WHAT YOU HAVE TO DO
Beneath this line are entries. Copy the range from the line with "Pour accompagner ce" to the line with "メープルシュガーとアーモンド", ends included, exactly; leave pictures out.

STUDY MATERIAL

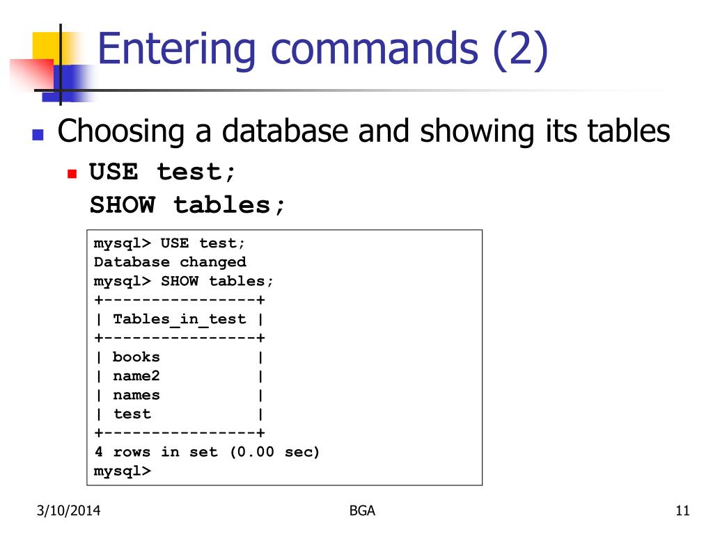 Entering commands (2) • Choosing a database and showing its tables • USE test;SHOW tables; mysql> USE test;Database changedmysql> SHOW tables;+----------------+| Tables_in_test |+----------------+| books || name2 || names || test |+----------------+4 rows in set (0.00 sec)mysql> BGA
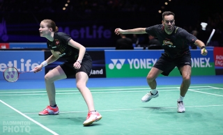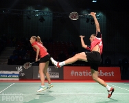 It would have been a first for both, but Denmark’s Christinna Pedersen and Joachim Fischer Nielsen (pictured) were the ones to grave the necessary tools and send the home pair Chris and Gabby Adcock (pictured below) out of the draw.
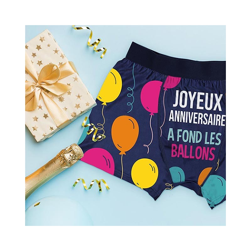 Pour accompagner ce boxer anniversaire, nous proposons d'autres cadeaux marrants comme des chaussons d'anniversaire, des chapeaux, des serre-têtes, des tee-shirts, des médailles, des chaussettes orteils, des colliers à fleurs, des lunettes ou encore des écharpes Mister Anniversaire. Il y a tout ce qu'il faut pour bien rigoler. Avec ces accessoires d'anniversaire humoristiques, vous pourrez déguiser quelqu'un, de la tête aux pieds.
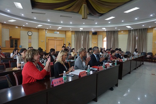 6月5日上午,由美国萨凡纳州立大学副校长兼教务长迈克尔·莱尼担任团长、萨凡纳州立大学孔子学院中方院长罗其娟为领队的萨凡纳市教育工作者文化体验团欢迎仪式在我校行政楼4号会议室隆重举行。校长刘晓东教授、副校长杨耀防教授、国际处副处长王贤淼、文传学院党委书记汤红莲、外国语学院副院长柴克清、国际交流学院副院长何广以及外语学院和文传学院师生代表近50人参加了欢迎仪式。欢迎仪式由王贤淼主持。
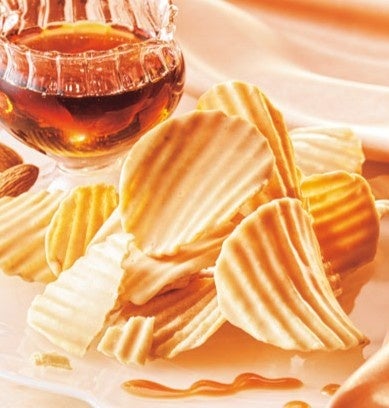 メープルシュガーとアーモンドプラリネペーストを加えたチョコレートを、ポテトチップの片面にコーティングしました。ほんのり塩味のポテトチップとやさしいメープルシュガーの風味が絶妙なバランスの、手が止まらなくなるおいしさです。後味にほんのりナッツが香ります。
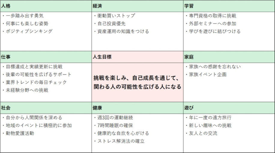 「なりたい自分」を明確にし、実現するために必要な事項を可視化するSELFingのサポートツール。中心に人生目標や「なりたい自分」の姿を書き、実現するために必要な要素を周囲の8マスに、人生を構成する8大分野「健康」「仕事」「経済」「家庭」「社会」「人格」「学習」「遊び」に分けて書きこむフレームワーク。自らデザインする人生の“設計図”としてヒューマングループ各社で導入されている。
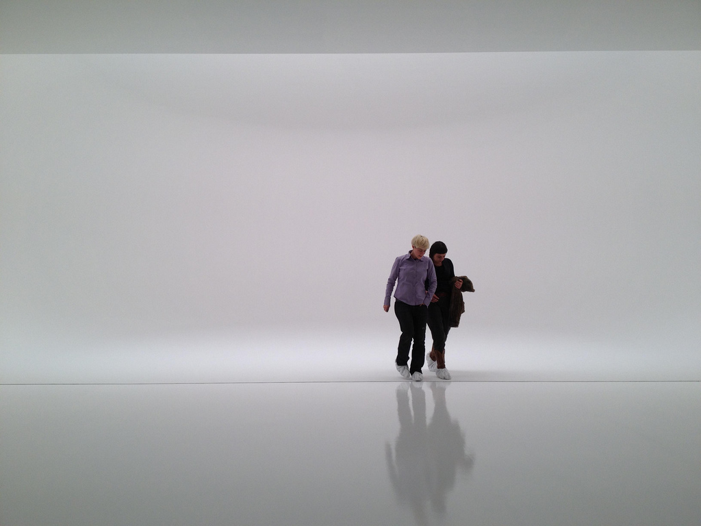 Now, back to the exhibit: Amazing. The bright white light installation is the closest thing to what, I imagine, standing in a cloud might feel like. The first impression is that of a flat wall created by light. As one reluctantly steps forward—wearing the white booties provided by the gallery to keep things pristine—it feels as though you’re stepping into the void. The minute the light box is entered, all depth perception disappears. There’s a dense fog-like effect that’s created with light and white paint. The walls have been curved and the lack of hard lines or horizon intensifies the confusing sensation. The result is at first a little unsettling, but the incredible coolness instantly follows. The light in the box fluctuates emulating the light of day, from dawn to dusk, in a 32-minute loop.
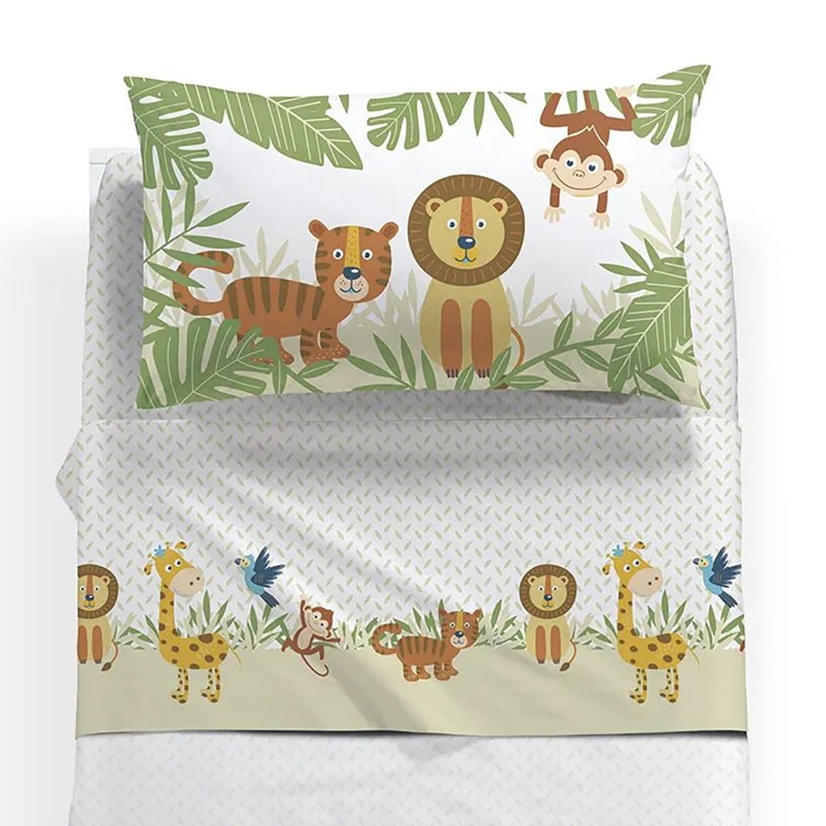 Con il set lenzuola Tropical per letto singolo, il tuo bambino viaggerà ogni notte tra simpatici leoni, tigri, scimmie e giraffe in un mondo fantastico di colori e allegria.
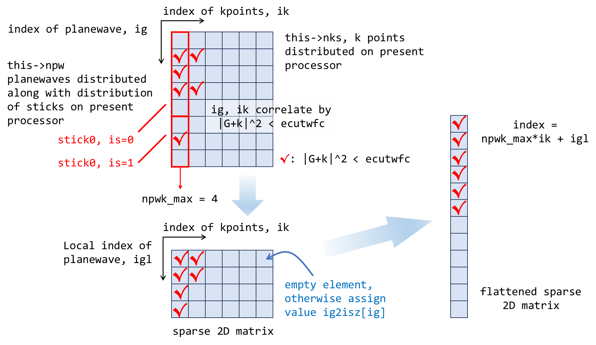 之后使用 PW_Basis_K::initparameters() 函数读取经过 k 点生成、归并、分发后读取的 kvec_c 与 kvec_d、nks 等参数。这三个两存储在 ESolver_FP 对象的 K_Vectors kv 数据成员中:

RESPONSE AREA
 Pour accompagner ce boxer anniversaire, nous proposons d'autres cadeaux marrants comme des chaussons d'anniversaire, des chapeaux, des serre-têtes, des tee-shirts, des médailles, des chaussettes orteils, des colliers à fleurs, des lunettes ou encore des écharpes Mister Anniversaire. Il y a tout ce qu'il faut pour bien rigoler. Avec ces accessoires d'anniversaire humoristiques, vous pourrez déguiser quelqu'un, de la tête aux pieds.
 6月5日上午,由美国萨凡纳州立大学副校长兼教务长迈克尔·莱尼担任团长、萨凡纳州立大学孔子学院中方院长罗其娟为领队的萨凡纳市教育工作者文化体验团欢迎仪式在我校行政楼4号会议室隆重举行。校长刘晓东教授、副校长杨耀防教授、国际处副处长王贤淼、文传学院党委书记汤红莲、外国语学院副院长柴克清、国际交流学院副院长何广以及外语学院和文传学院师生代表近50人参加了欢迎仪式。欢迎仪式由王贤淼主持。
 メープルシュガーとアーモンドプラリネペーストを加えたチョコレートを、ポテトチップの片面にコーティングしました。ほんのり塩味のポテトチップとやさしいメープルシュガーの風味が絶妙なバランスの、手が止まらなくなるおいしさです。後味にほんのりナッツが香ります。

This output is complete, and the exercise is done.